From d81feeb0b255bd2260a3ef09f647f0a0043e5cfb Mon Sep 17 00:00:00 2001
From: xishui <42759595+Github3G@users.noreply.github.com>
Date: Thu, 3 Jun 2021 16:47:43 +0800
Subject: [PATCH] Create the original code address and question

---
 the original code address and question | 15 +++++++++++++++
 1 file changed, 15 insertions(+)
 create mode 100644 the original code address and question

diff --git a/the original code address and question b/the original code address and question
new file mode 100644
index 0000000..92c5057
--- /dev/null
+++ b/the original code address and question	
@@ -0,0 +1,15 @@
+https://github.com/irfanICMLL/structure_knowledge_distillation
+
+Q1: when the batch size is smaller (such as 8 or 4), the performance is drop a lot. so the author discover a new kind of distillation loss, which is more useful.
+A1：https://arxiv.org/abs/2011.13256. Channel-wise Distillation for Semantic Segmentation
+
+Q2: Table 2 shows it performs best when beta=2x2.
+But in run_train_val.sh, pool-scale is 0.5, thus finally in CriterionPairWiseforWholeFeatAfterPool, the patch size is half of the original feature map size, not 2x2.
+A2: this question is not be answered.
+
+Q3: why structure knowledge distillation is effective and how it can be used for regression tasks?
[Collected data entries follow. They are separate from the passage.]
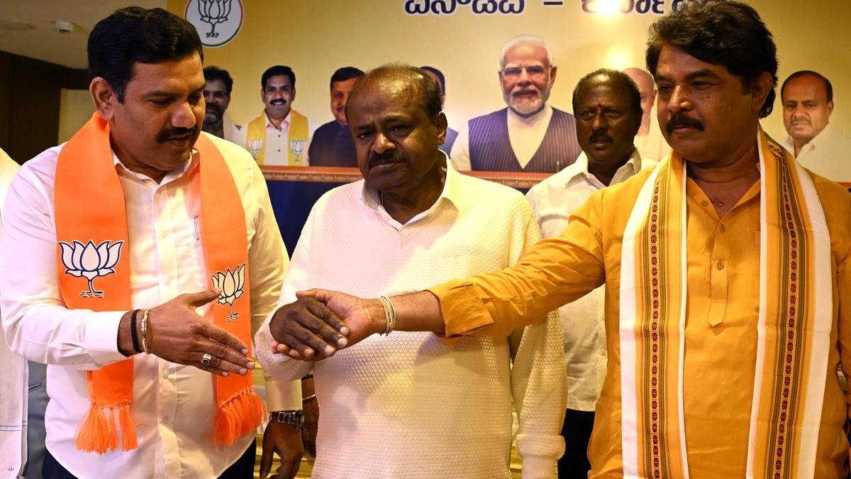 Union Minister of Heavy Industries and Public Enterprises H. D. Kumaraswamy, BJP Karnataka State president B.Y. Vijayendra, Leader of the Opposition of the Karnataka Legislative Assembly R .Ashok during press conference in Bengaluru on Saturday.
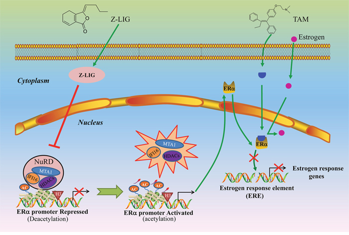 ERα, Estrogen receptor alpha; TAM, Tamoxifen; Z-LIG, Z-ligustilide; IFI16, IFN-γ–inducible protein 16; HDACs, Histone deacetylases; MTA1, Metastasis-associated protein 1; ERE, Estrogen response elements; 5-aza-dc, 5-aza-20-deoxycytidine; TSA, trichostatin A; NuRD, nucleosome remodeling and histone deacetylase; TCM, traditional Chinese medicine; VORAS, volatile oil of Radix Angelica Sinensis; Nrf2, nuclear factor-erythroid-2-related factor 2; SRB, Sulforhodamine B; CDK, Cyclin dependent dependent kinase; acetyl-p53, acetylation of p53; ICI, ICI 182780; Ace-H3, acetylation of histone H3; pcMV-MTA1, pcMV-His-MTA1; pcDNA3.1-HDAC7, pcDNA3.1-FLAG-HDAC7; pcDNA3-IFI16, pcDNA3-FLAG-IFI16; IP, immunoprecipitation; EGCG, (-)-epigallocatechin-3-gallate; SFN, sulforaphane; PI, propidiumiodide; PMSF, phenylmethylsulfonyl fluoride; PVDF, polyvinylidene difluoride; ECL, chemiluminescence; ChIP, Chromatin immunoprecipitation
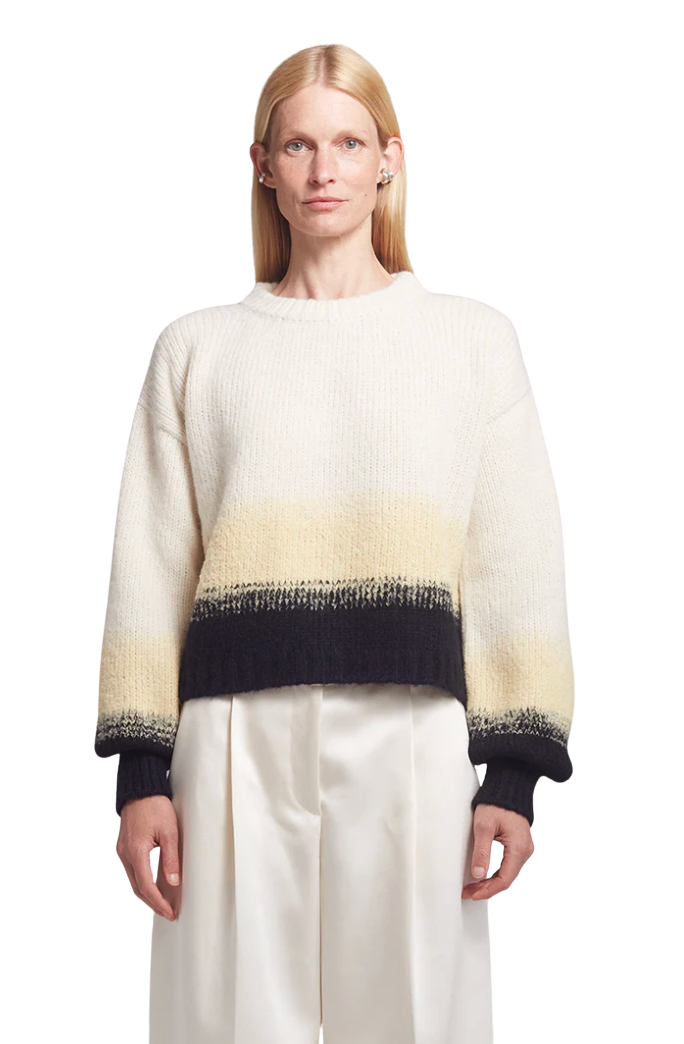 Sonia is an easy sweat-shirt style body with a feminine blouson-sleeve and slightly cropped, relaxed body-proportion. The graphic, color-block with ombre butter stripe makes for a striking yet relaxed piece.
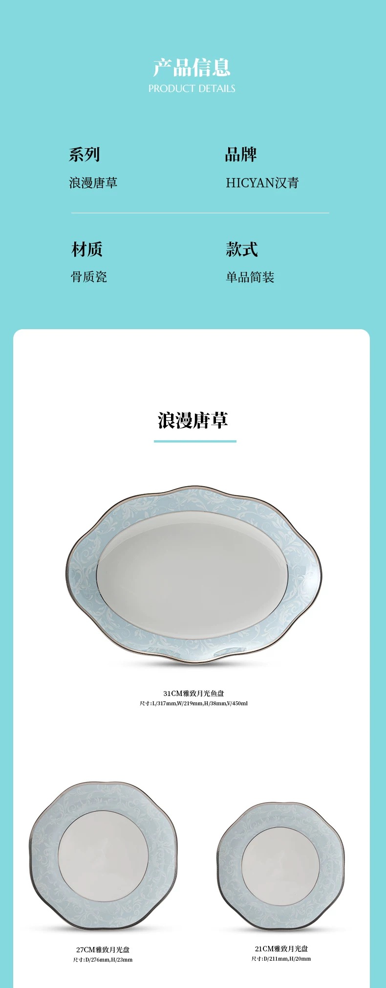 【6F】多样屋HICYAN汉青国瓷「浪漫唐草」蓝色雅致餐具单品 中式碗碟盘 简约精致轻奢

How to choose the intermediate feature maps for pair-wise distillation?
+A3: it considers the correlation among pixel. If the unary part is hard to learn or can not be trained effectively, employing the structure KD will help training. I tend to choose some deeper features. Because abstract semantics makes sense. 
+Besides, the spatial size is smaller which is more efficient.
+
+Q4: paper use average pooling not max pooling.
+A4: max pooling can achieve better performance.